# HP PSC 1110 unter Windows 7



## Bubu (18. Juni 2009)

Wo bekomme ich einen Treiber für meinen HP PSC 1110 (2004) für Windows 7 (64) her ?   Bei HP jedenfalls nicht (auch nicht für Vista 64).
Unter Vista 64 hat der Drucker jedenfalls noch funktioniert. Die Windows 7 Treiber fangen erst beim PSC 1500 an und sind nicht kompatibel.
Kann mir jemand weiter helfen?

Danke

Bubu


----------



## Pfanny66 (20. Juni 2009)

hier ne Lösung für HP PSC 1315(gibs auch keine treiber für windows 7)

1. Drucker einschalten und anschliessen an rechner
2. windows 7 installiert einen druckertreiber, womit der PSC schon mal drucken kann
3. dann windows update durchführen (von Microsoft gibs ein Update für HP PSC Geräte für windows 7)
4. danach funktionieren alle geräte(drucker-scanner) korrekt bei mir

grüße von Pfanny66


----------



## Pfanny66 (20. Juni 2009)

Habe eine Lösung für HP Software gefunden um Sie unter Windows 7 zu installieren!!!!!

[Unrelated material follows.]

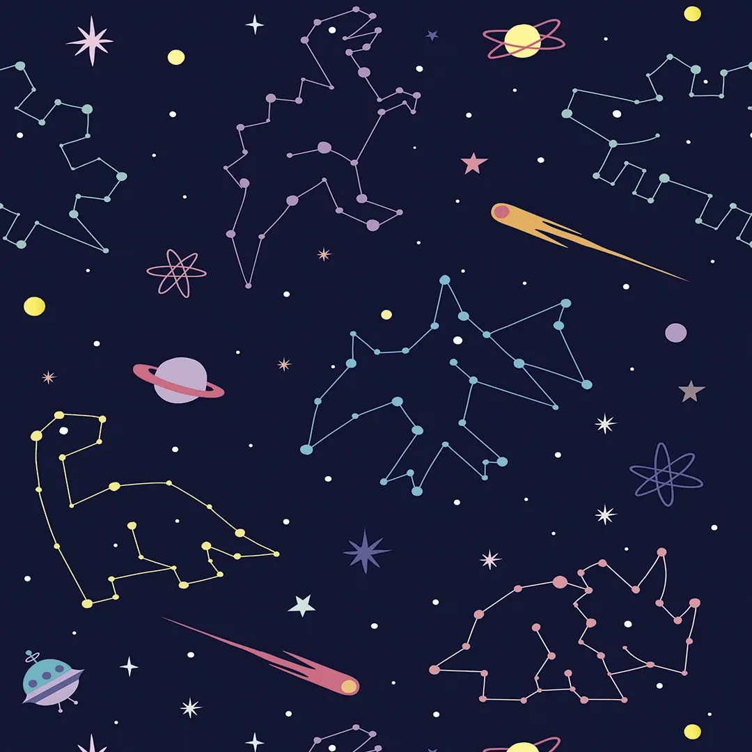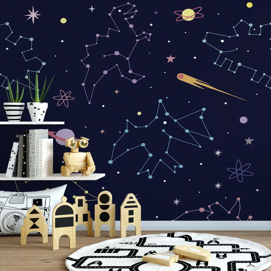 This wallpaper features a dark cosmic background adorned with whimsical dinosaur constellations. Accentuated by shooting stars, planets, and playful geometric elements, it creates a dreamy, celestial ambiance perfect for a child’s room or any space seeking a touch of imagination.
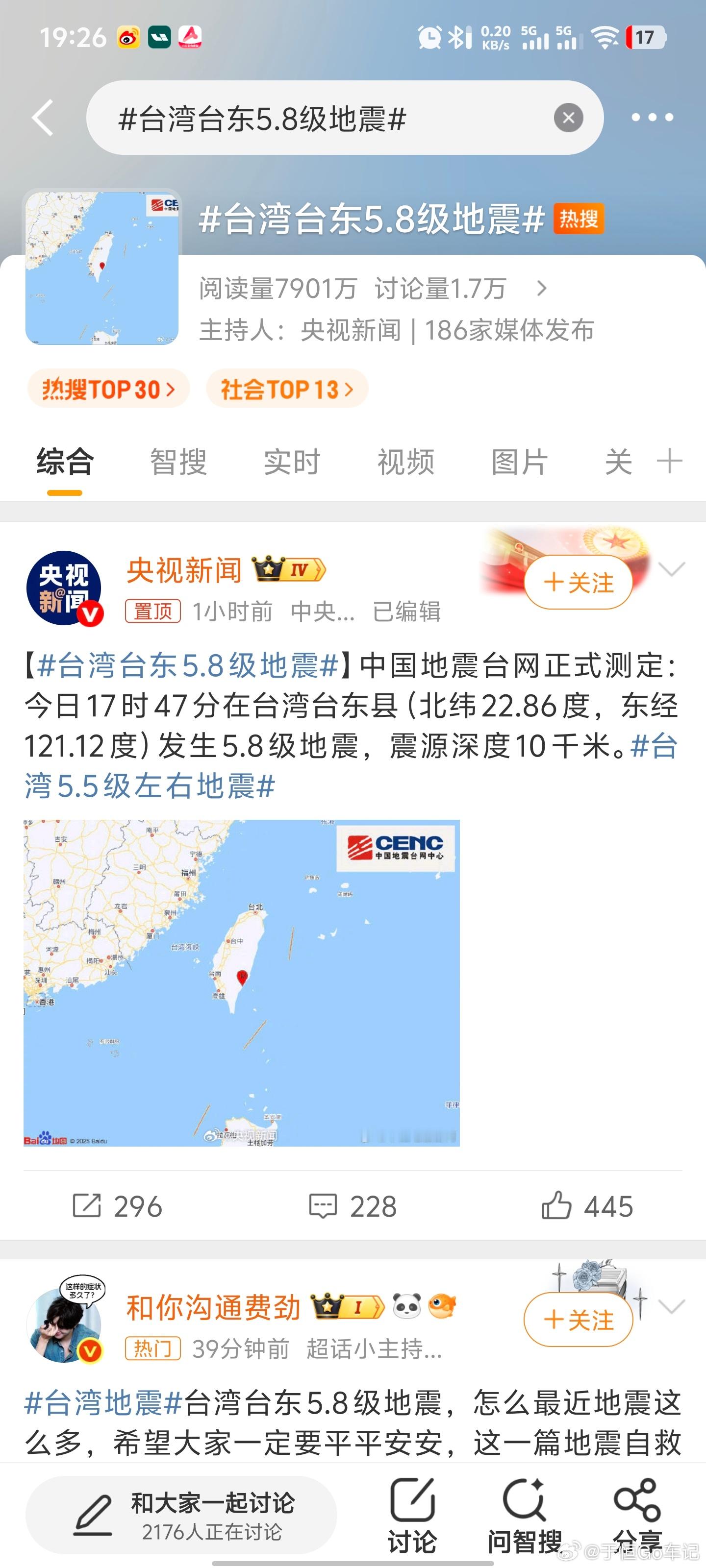 台湾台东5.8级地震这不经常地震吗咋还上热搜了?因为5.8级大了点?

HP Software(für Windows Vista) downloaden und auf deine Windows 7 HD in einen File entpacken !
Setup ---rechte Maus unter Properties Compatibilymode = Windows Vista
und Run this program as Administrator ok !
autorun.ini file öffnen (mit NotePad)
find --- oslist =500,501,501_64,600,600_64 erweitere mit ,601,601_64 und file save !! (601 ist die Kennung von windows 7 32bit, 601_64 für 64bit)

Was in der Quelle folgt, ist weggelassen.